If no question is asked then any answer written here is correct. Count Iblis (talk) 12:32, 18 February 2014 (UTC)

And you didn't even link to vacuous truth! —Quondum 15:26, 18 February 2014 (UTC)

Thanks, I didn't know that this is called that way (English is not my mother tongue) :). You also encounter this when taking the intersection of a collection of sets. If the collection of the sets is empty then the intersection is the whole space. In some statements in topology or measure theory you then don't have to explicitly address the exceptional cases when a collection of sets is empty. Count Iblis (talk) 15:59, 18 February 2014 (UTC)

February 23

Linking Geometry to Combinatorics

• Is there a branch of mathematics that (systematically) connects these two fields with one another ?
• Are there any books, papers, articles (both online or offline) that treat this connection systematically ?

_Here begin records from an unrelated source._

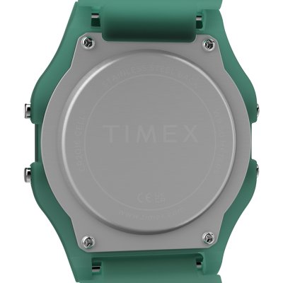 This Timex watch has a case made of Resin with a diameter of 34 mm and is fitted with a Resin strap. Inside the case lies a Timex movement and the watch features a Acrylic crystal.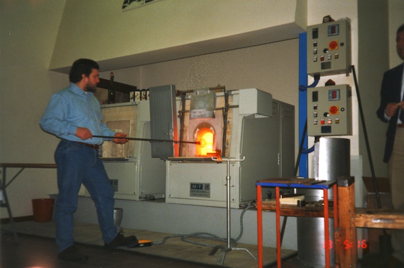 Our first stop in Venice was a Murano glass factory. Here a worker reheats a vase he's working on. (March 13, 1999)
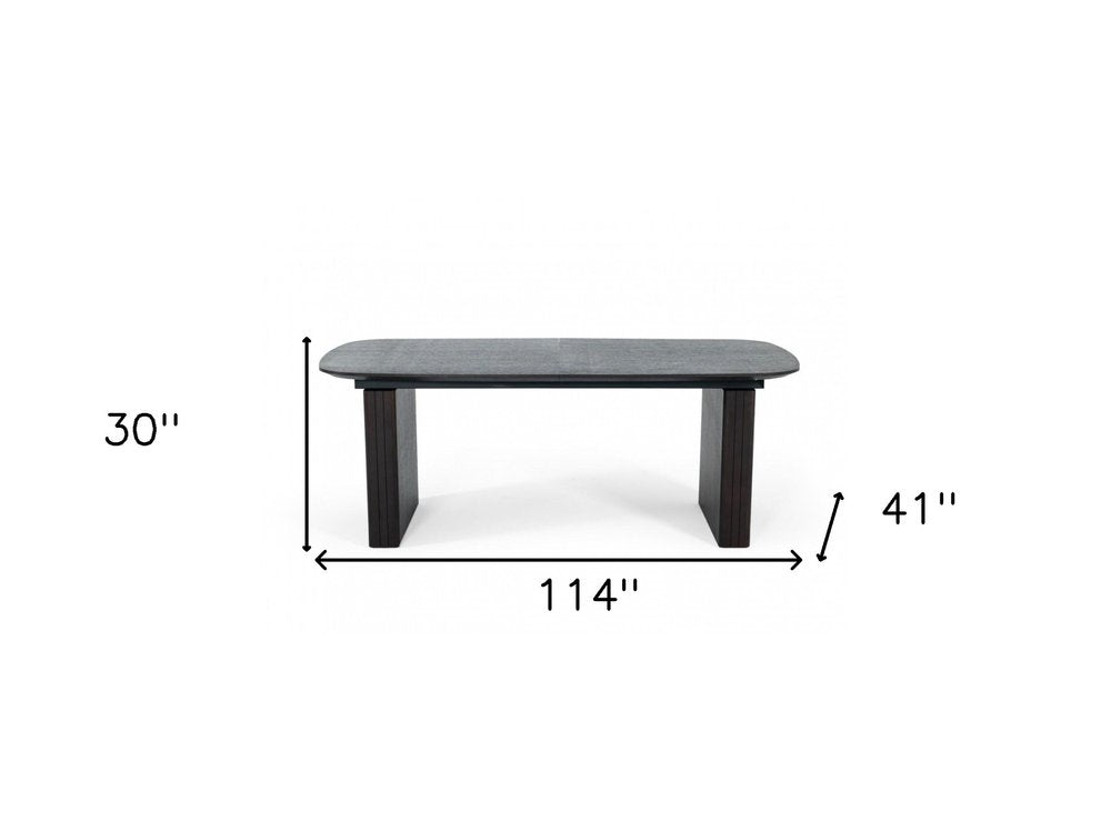 114" Smoked Rectangular Manufactured Wood Self-Storing Leaf Dining Table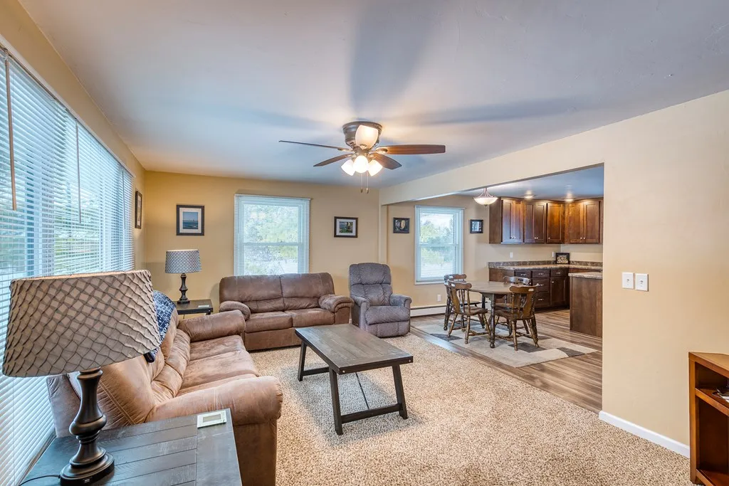 Welcome to this comfortable 3 bedroom, 1.5 bath ranch home, which has been lovingly remodeled and updated with fresh paint, new flooring, appliances, cabinets and siding, to name a few. Separate office/den. Large unfinished breezeway & full basement offer great potential. Huge attached 3 stall garage plus additional storage room. Currently used as a successful vacation rental, this home is well maintained and move-in ready (includes all furniture), but would also make a great primary residence or second home. Come and see the charm this lovely ranch home has to offer! Looking for more acreage? Purchase the lots in front of & in back of the house for additional privacy, available with the house only for $99,900/lot (see survey map).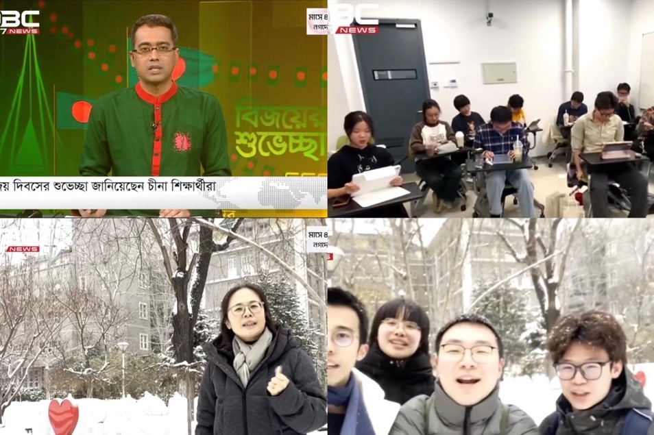 12月16日是孟加拉国胜利日,时值北京大雪,师生在雪中为孟加拉国观众送上了祝福。
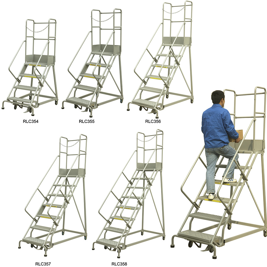 ● 優客力配置踏板鎖定機構,踩壓底部踏板可自動固定梯子;踩壓底部踏板下方的解除鎖定壓桿,便可輕松移動取貨梯。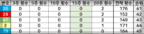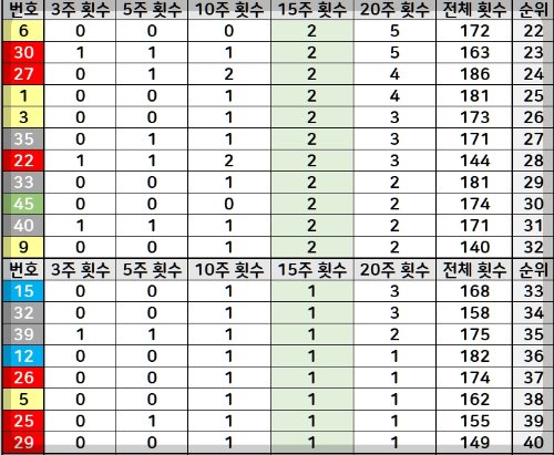 로또 당첨 번호 45개를 15주 기간으로 분석하여 15주 당첨 횟수가 가장 많이 나온 순서로 표를 작성했습니다.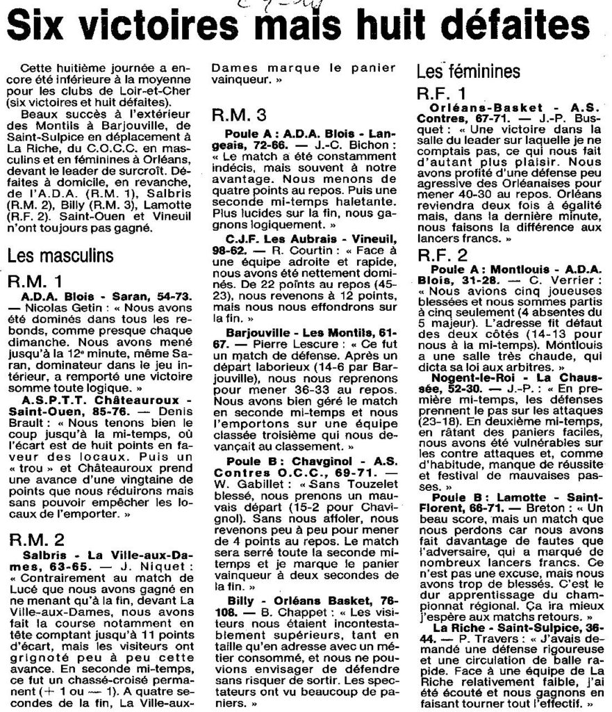 Saison 1994-1995 : Résultats de la 8ème Journée des équipes du Loir et Cher dans les Championnats Régionaux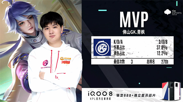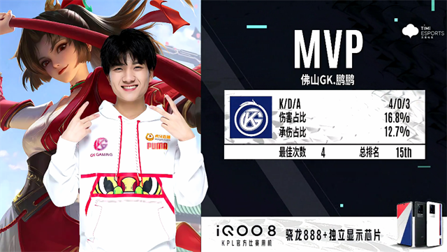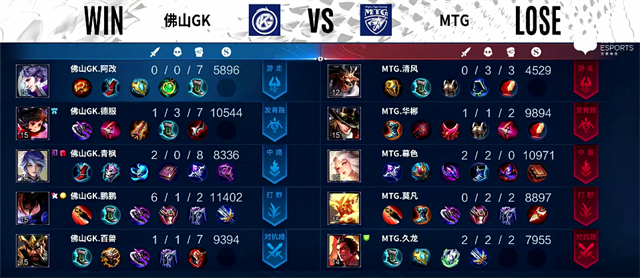 双方和平开局。2分21秒云缨拿下暴君。5分钟中路团战,蒙犽拿下一血。5分20秒双方互换边路一塔。5分50秒中路团战,佛山GK打出0换2,蒙犽推掉中路一塔。6分钟云缨拿下暴君。7分钟云缨拿下主宰。9分26秒佛山GK下路二塔被破。10分25秒赵云拿下暴君。10分41秒云缨拿下主宰。14分25秒蒙犽推掉中路二塔。14分43秒云缨拿下暴君。15分28秒嬴政拿下主宰。17分钟野区团战,佛山GK打出1换3。17分47秒佛山GK推掉水晶拿下本场比赛胜利。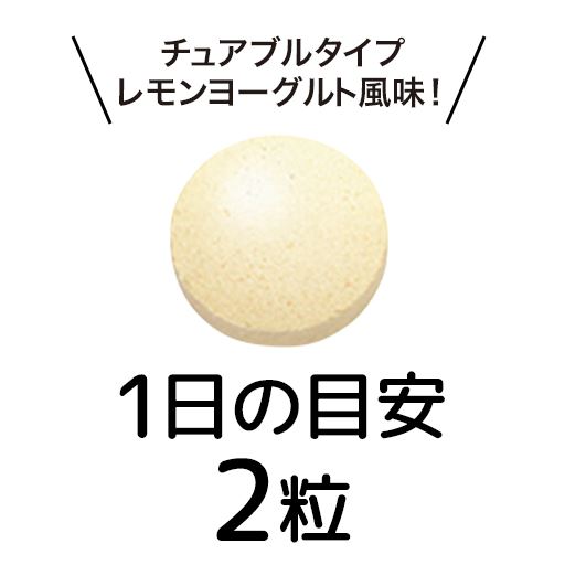 ビタミンCやビタミンDも1日摂取目安量を配合した、独自の炭酸発泡するチュアブルタイプです。噛むことでレモンヨーグルトの風味の泡が広がり、口の中がおいしく爽やかに潤います。

For instance, we know that geometric shapes of the form ${\displaystyle x^{n}+y^{m}=r^{n}}$ are connected with binomial coefficients, inasmuch as the former's area is nothing else than the latter's reciprocal, or multiplicative inverse. (Wallis' integrals also come here to mind). Likewise, Vandermonde's identity ${\displaystyle \sum _{0}^{n}{n \choose k}^{2}={2n \choose n}}$ gives, for ${\displaystyle n={\tfrac {1}{2}},}$ a formula for π : ${\displaystyle \sum _{0}^{\infty }\left[{\frac {(2k-3)!!}{(2k)!!}}\right]^{2}={\frac {4}{\pi }}.}$

• Are there any other such similar results, connecting these two fields together ? — 79.113.198.225 (talk) 16:58, 23 February 2014 (UTC)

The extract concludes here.